# Getting US Dollars currency from GBP



## nudda (Oct 28, 2008)

Hi all,

I am in need of some dollars for a trip to the US. 

Best rate I can find is 1.56 @ Travelex.

Does anyone know if there is a better rate than this available?

I am not in a rush and want about 300 dollars.

thanks


----------



## ivor (Sep 24, 2008)

I use the postoffice for my travel money never any hassle looking on this site theres only a few dollars difference 
http://travelmoney.moneysavingexpert.com/holiday-money/#results


----------



## willwander (Nov 30, 2012)

Current bank rate is $1.58, so your not doing bad if there are no fees, but obviously it changes daily.

I normally just go straight to ATM at the airport and use my card, you tend to get better rates than at an exchange.


----------



## nudda (Oct 28, 2008)

willwander said:


> Current bank rate is $1.58, so your not doing bad if there are no fees, but obviously it changes daily.
> 
> I normally just go straight to ATM at the airport and use my card, you tend to get better rates than at an exchange.


Thanks.

Where did you check the "bank rate" ?
Do you use your UK card in US ATM ? I see that as a bit of a risk + they almost always charge bank fees etc


----------



## willwander (Nov 30, 2012)

You can check here;
http://www.xe.com/ucc/
Also lots of iPhone apps if you have one.

Yes, you can use visa, visa debit, etc in ATM's, very straightforward. You normally get good rates with your bank this way, but they may make a charge for using your card abroad. Check with your bank for fees.

Also if you are using your cards abroad, let your bank know you are going before you go away, this way they won't think it's been stolen and stop your card.

Have a good time.


----------



## Ravinder (Jul 24, 2009)

Also, you may find sometimes if you use your card in the USA, especially in a store it may get declined.
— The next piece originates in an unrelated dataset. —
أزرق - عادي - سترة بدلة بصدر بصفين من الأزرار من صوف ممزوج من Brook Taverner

If so, select on the card reader credit instead of debit even though its a debit card and the payment goes through without any problems.


----------



## Kerr (Mar 27, 2012)

Check out the local dodgy high street quick money lenders and pay day loan places. 

Sounds really odd but they offer very good exchange rates but it is embarrassing going in. 
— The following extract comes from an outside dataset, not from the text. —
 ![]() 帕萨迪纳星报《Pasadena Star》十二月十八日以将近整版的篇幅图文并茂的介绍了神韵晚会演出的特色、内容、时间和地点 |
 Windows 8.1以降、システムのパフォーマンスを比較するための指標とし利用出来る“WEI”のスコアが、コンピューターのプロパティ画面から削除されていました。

At $300 marginal differences will make little difference.


----------



## DetailedClean (Jan 31, 2012)

I usually use ThomasExchangeGlobal.co.uk

They have london brances but also mail it out i think

current rate 1.578


----------



## Vossman (Aug 5, 2010)

Post Office is usually good for buying but sell on the high street if you have any left when you get back. 300 dollars won't go far though.


----------